Work required:
Word for word, copy the listing below and leave out its images.

Supplied information:

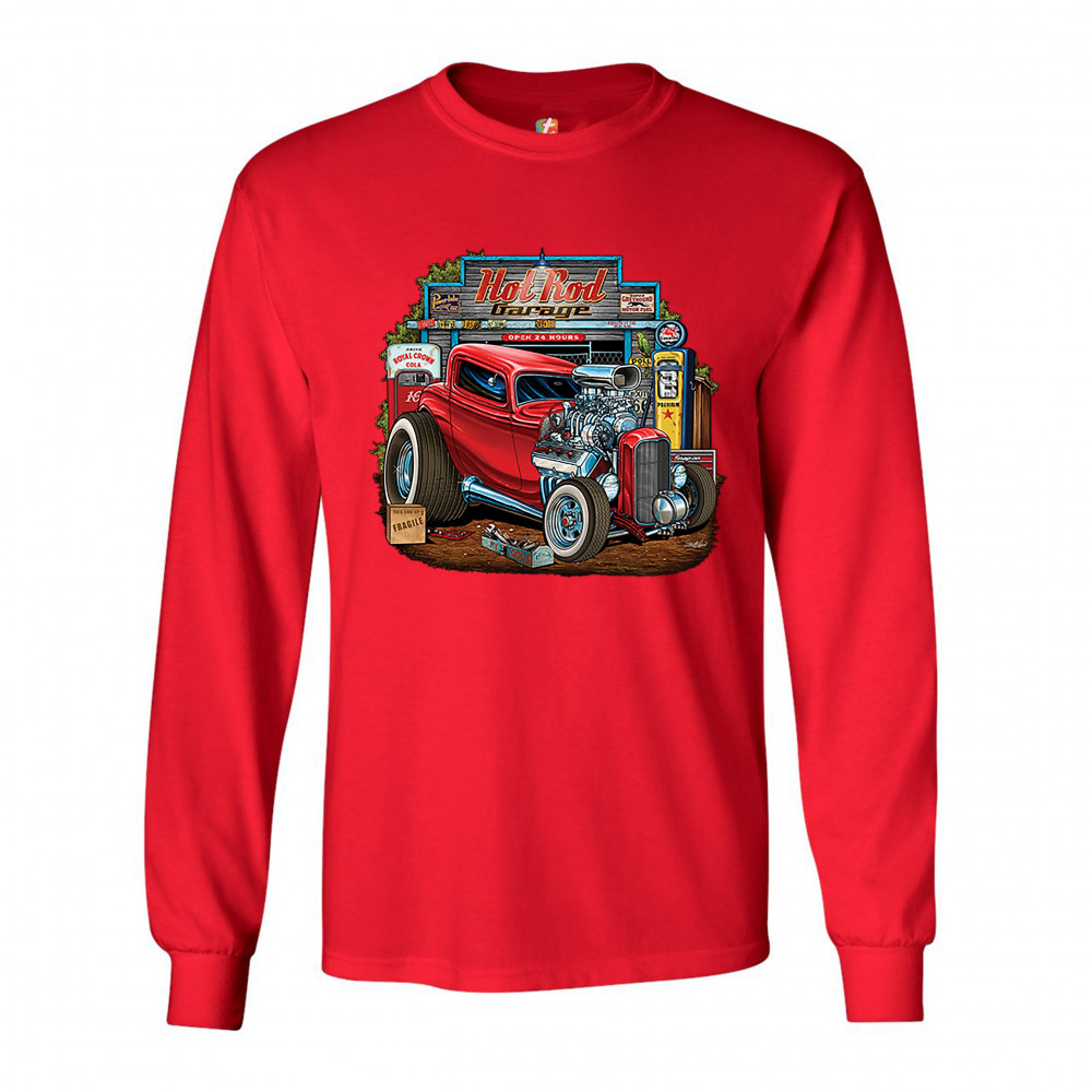 A print featuring a vintage hot rod with an exposed engine and plus-sized rear wheels. In the background there is a garage with a gas station and a sign that says: "Hot Rod Garage". A great choice for a fan of customized American classic cars and hot rods
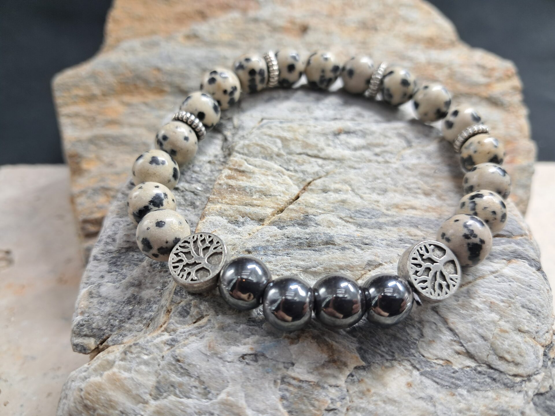 Bracelet jaspe dalmatien et hématite perles 8mm
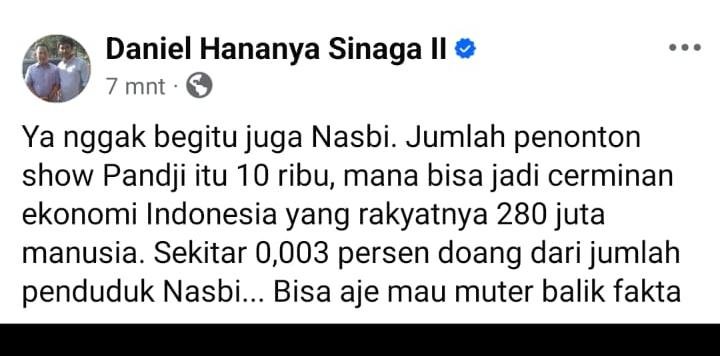 “Ya nggak begitu juga Nasbi. Jumlah penonton show Pandji itu 10 ribu, mana bisa jadi cerminan ekonomi Indonesia yang rakyatnya 280 juta manusia. Sekitar 0,003 persen doang dari jumlah penduduk Nasbiβ¦ Bisa aje mau muter balik fakta,” sentil Daniel Hananya Sinaga.

Solution to the exercise:
 A print featuring a vintage hot rod with an exposed engine and plus-sized rear wheels. In the background there is a garage with a gas station and a sign that says: "Hot Rod Garage". A great choice for a fan of customized American classic cars and hot rods
 Bracelet jaspe dalmatien et hématite perles 8mm
 “Ya nggak begitu juga Nasbi. Jumlah penonton show Pandji itu 10 ribu, mana bisa jadi cerminan ekonomi Indonesia yang rakyatnya 280 juta manusia. Sekitar 0,003 persen doang dari jumlah penduduk Nasbiβ¦ Bisa aje mau muter balik fakta,” sentil Daniel Hananya Sinaga.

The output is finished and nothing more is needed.